Sollinger ran immediately to the urology department and requested they sedate an LPHS patient and fill the ureter of her afflicted side with a long-acting local anesthetic.

“The first patient woke up, I mean, she had tears in her eyes. She said, ‘I have had this pain for 18 years. I am normal now,’ ” Sollinger says. This procedure became known as the UW-LPHS test.

The UW-LPHS test not only determines good candidates for an autotransplant and provides LPHS sufferers with complete pain relief for the first time in years, it also prevents unnecessary and ineffective surgeries. Sollinger says 85% of those who undergo the UW-LPHS test are autotransplant candidates. And while early results indicate that 95% LPHS sufferers have experienced relief a year after autotransplant surgery, longer-term outcomes are still under investigation.

Sollinger says he’s had patients downhill skiing two months after the surgery and another completed a half Ironman triathlon six months later. But he says recovery from the surgery can take longer — up to a year.

In 2016, a young patient came to Sollinger. In an attempt to treat her Nutcracker syndrome symptoms, doctors had inserted metal stents to widen a blood vessel. After an eight-hour autotransplant during which Sollinger also removed the metal coils, the patient recovered fully. Her ecstatic mother shared the experience with a group on Facebook.

“Unbeknownst to me, she put the whole story out … and that opened the floodgates,” Sollinger says.

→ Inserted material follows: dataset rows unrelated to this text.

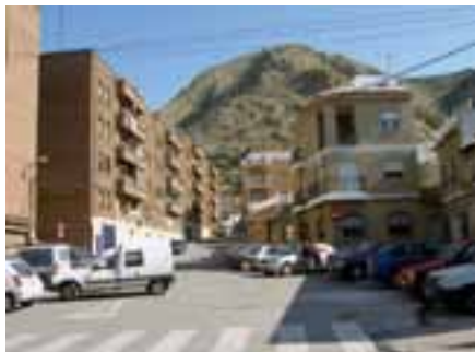
▲ Lugar del convento capuchino.

nador, que solíamos utilizar en grandes y contadas ocasiones para tener merienda-cena. Lo usábamos especialmente en los días solemnes de la Pascua. En el mes de abril, sí. Cuando ha brotado ya bien la primavera y los días son más largos.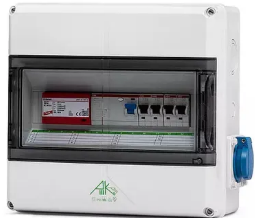
AK Kleinverteiler mit integrierter SCHUKO®-Steckdose

Der AK Kleinverteiler erlaubt die Integration von bis zu vier SCHUKO®-Steckdosen direkt im Gehäuse. Damit stehen bei Wartungsarbeiten benötigte Anschlusspunkte unmittelbar zur Verfügung. Nach dem Ausbrechen der jeweiligen Vorprägungen werden die separat erhältlichen Anbausteckdosen mithilfe der beiliegenden Befestigungsschrauben am Seitenteil fixiert. Die Verbindung mehrerer AK Kleinverteiler ist problemlos möglich. Mit Hilfe von M50-Kombistutzen werden die Kleinverteiler-Gehäuse seitlich fixiert.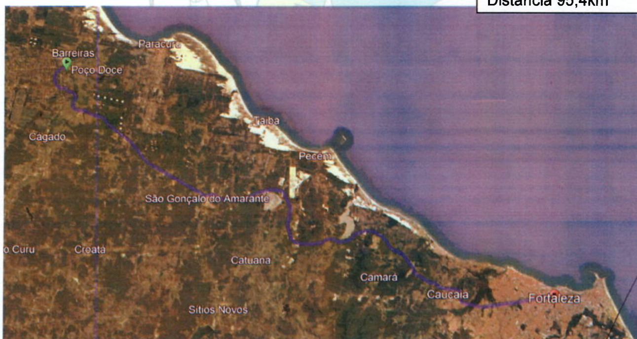
Figura 2 – Acesso ao município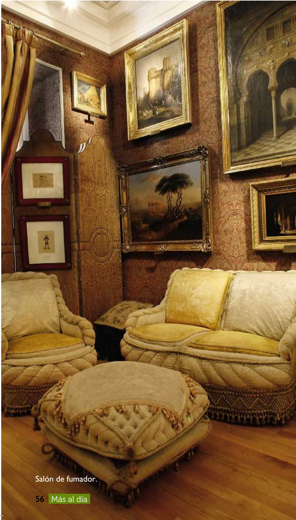
Salón de fumador.

Patients began to contact Sollinger. His department arranged for phone interviews to screen patients for the UW-LPHS test. The demand became so great that UW formed one of the first LPHS clinics in the country and is now a leader in the field. About 80 LPHS autotransplants have taken place at UW Hospital since 2016 on patients from nearly 40 states. Patients from several countries — including Peru, France, England, Germany, Norway and Israel — have inquired about undergoing the surgery here. So far one German national has made the trip and had the operation.

“I think Hans really took the time to listen to these patients and understand what they’re going through and think carefully about how he can really improve their quality of life, and not many people do that,” says Dr. Robert Redfield III, assistant professor in the UW School of Medicine’s Department of Surgery in the Division of Transplantation. “It takes a pioneer to be able to make that leap and he’s done that throughout his career.”

Redfield, mentored by Sollinger, has taken over his LPHS work.

“I really have never met another doctor that showed as much compassion as that man did to me,” Meurrens says about Sollinger. “When you have a doctor as brilliant and as intelligent as he is, they usually don’t come equipped with bedside manners at all, but he had the best of both worlds there.”